### Work item
Your response should be an exact transcription of the data, images excluded.

### Data
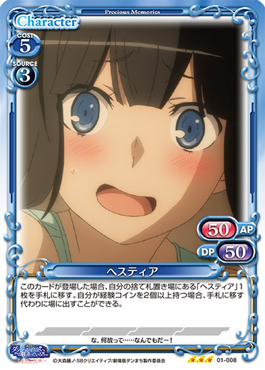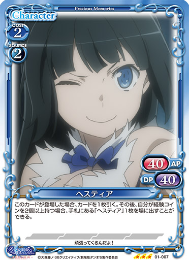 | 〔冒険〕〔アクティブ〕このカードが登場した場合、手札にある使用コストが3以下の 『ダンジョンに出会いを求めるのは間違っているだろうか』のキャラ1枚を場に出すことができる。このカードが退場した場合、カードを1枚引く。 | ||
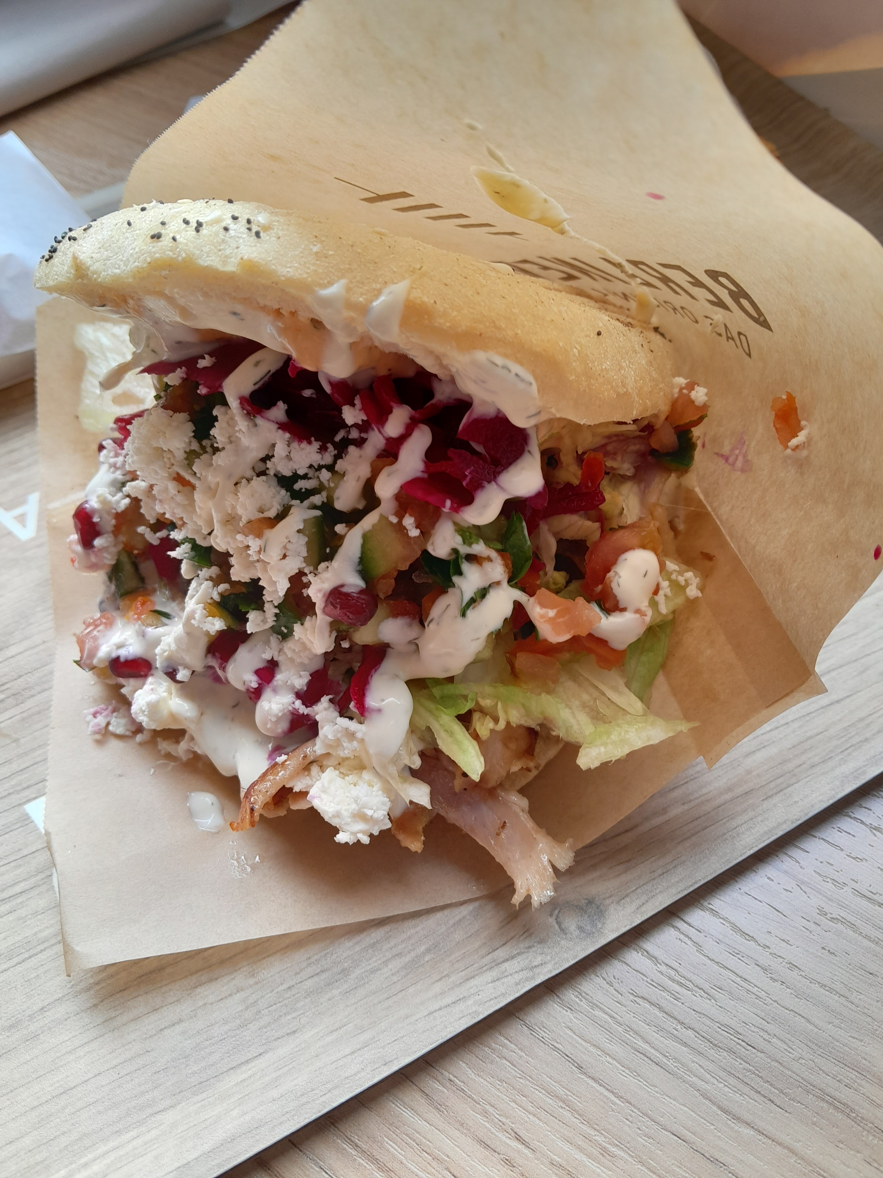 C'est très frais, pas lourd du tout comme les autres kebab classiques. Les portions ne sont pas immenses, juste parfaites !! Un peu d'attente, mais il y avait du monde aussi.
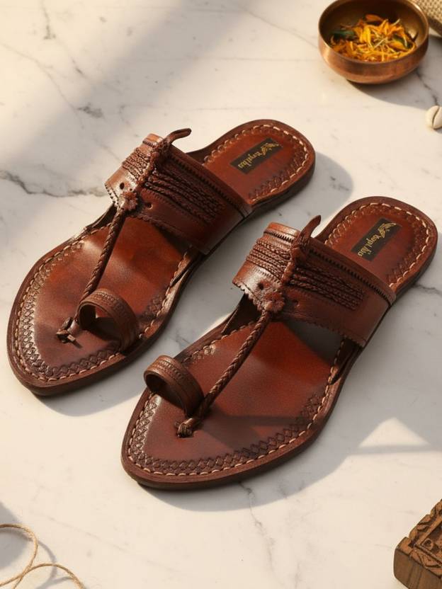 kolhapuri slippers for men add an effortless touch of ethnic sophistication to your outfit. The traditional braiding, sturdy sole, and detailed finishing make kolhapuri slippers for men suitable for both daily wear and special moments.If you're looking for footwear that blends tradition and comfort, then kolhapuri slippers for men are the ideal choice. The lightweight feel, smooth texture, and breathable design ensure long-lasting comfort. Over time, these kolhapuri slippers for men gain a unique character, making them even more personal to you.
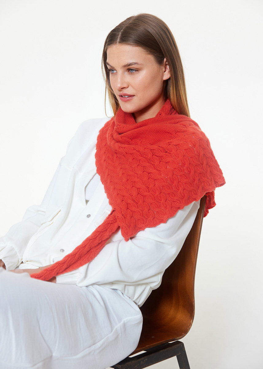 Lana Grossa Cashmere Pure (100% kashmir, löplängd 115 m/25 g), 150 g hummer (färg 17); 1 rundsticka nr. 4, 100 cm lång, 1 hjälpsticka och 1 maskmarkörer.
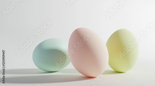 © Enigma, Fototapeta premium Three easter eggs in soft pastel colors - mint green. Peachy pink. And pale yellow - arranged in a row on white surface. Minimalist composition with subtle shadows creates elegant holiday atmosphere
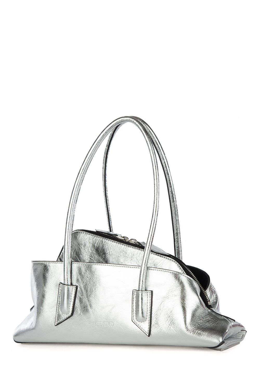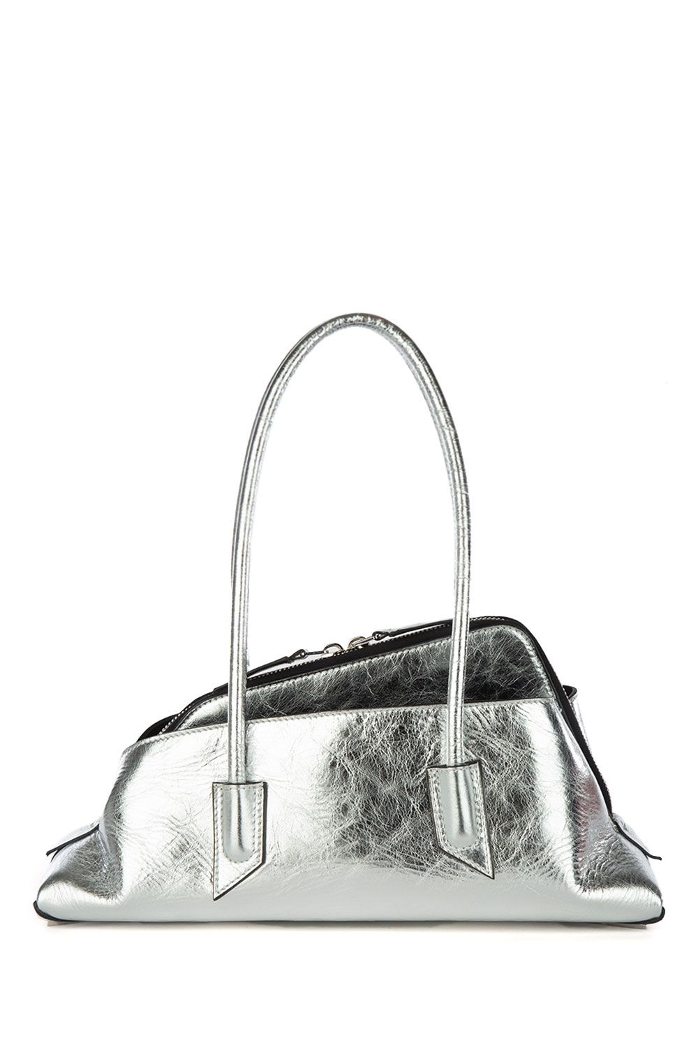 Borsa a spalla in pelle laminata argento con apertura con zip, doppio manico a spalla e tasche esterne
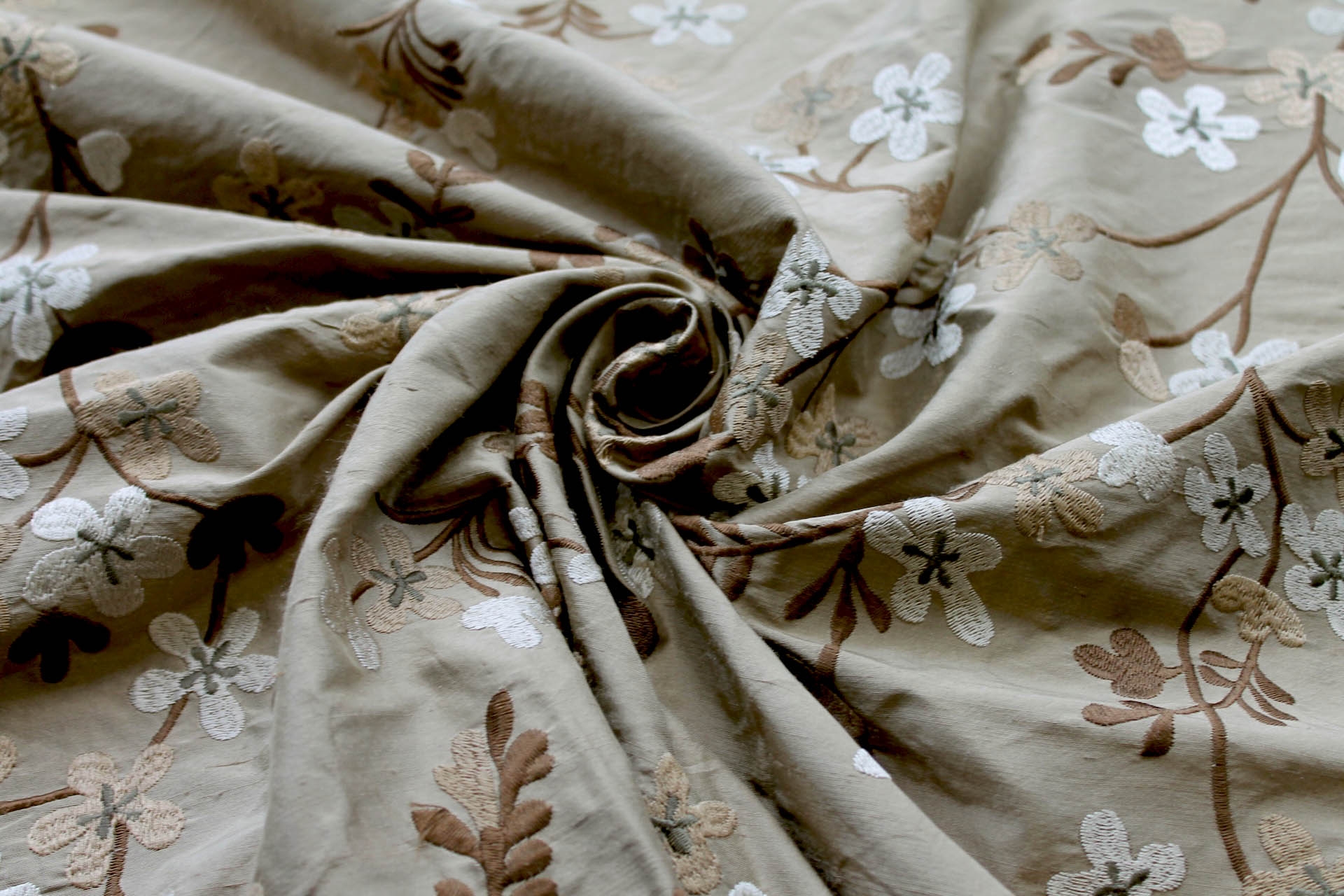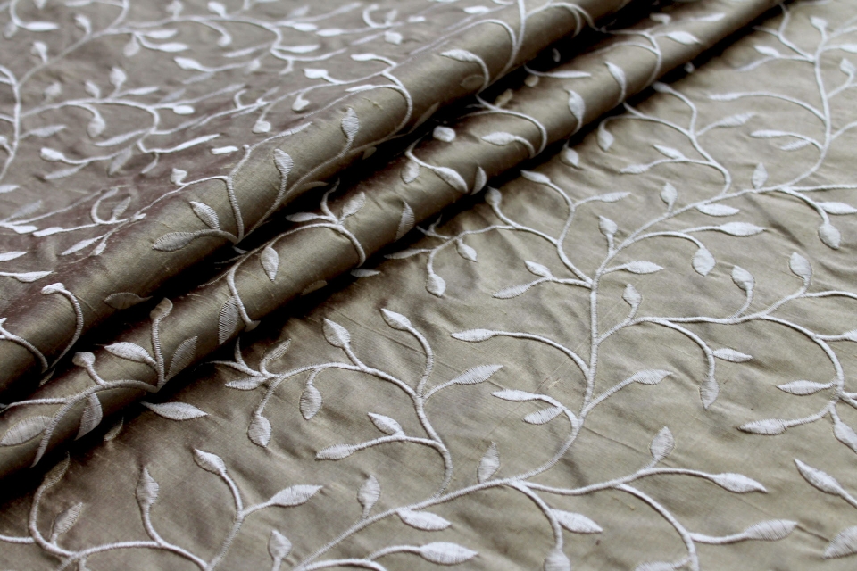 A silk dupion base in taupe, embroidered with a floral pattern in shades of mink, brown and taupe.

### Output below
 | 〔冒険〕〔アクティブ〕このカードが登場した場合、手札にある使用コストが3以下の 『ダンジョンに出会いを求めるのは間違っているだろうか』のキャラ1枚を場に出すことができる。このカードが退場した場合、カードを1枚引く。 | ||
 C'est très frais, pas lourd du tout comme les autres kebab classiques. Les portions ne sont pas immenses, juste parfaites !! Un peu d'attente, mais il y avait du monde aussi.
 kolhapuri slippers for men add an effortless touch of ethnic sophistication to your outfit. The traditional braiding, sturdy sole, and detailed finishing make kolhapuri slippers for men suitable for both daily wear and special moments.If you're looking for footwear that blends tradition and comfort, then kolhapuri slippers for men are the ideal choice. The lightweight feel, smooth texture, and breathable design ensure long-lasting comfort. Over time, these kolhapuri slippers for men gain a unique character, making them even more personal to you.
 Lana Grossa Cashmere Pure (100% kashmir, löplängd 115 m/25 g), 150 g hummer (färg 17); 1 rundsticka nr. 4, 100 cm lång, 1 hjälpsticka och 1 maskmarkörer.
 © Enigma, Fototapeta premium Three easter eggs in soft pastel colors - mint green. Peachy pink. And pale yellow - arranged in a row on white surface. Minimalist composition with subtle shadows creates elegant holiday atmosphere
 Borsa a spalla in pelle laminata argento con apertura con zip, doppio manico a spalla e tasche esterne
 A silk dupion base in taupe, embroidered with a floral pattern in shades of mink, brown and taupe.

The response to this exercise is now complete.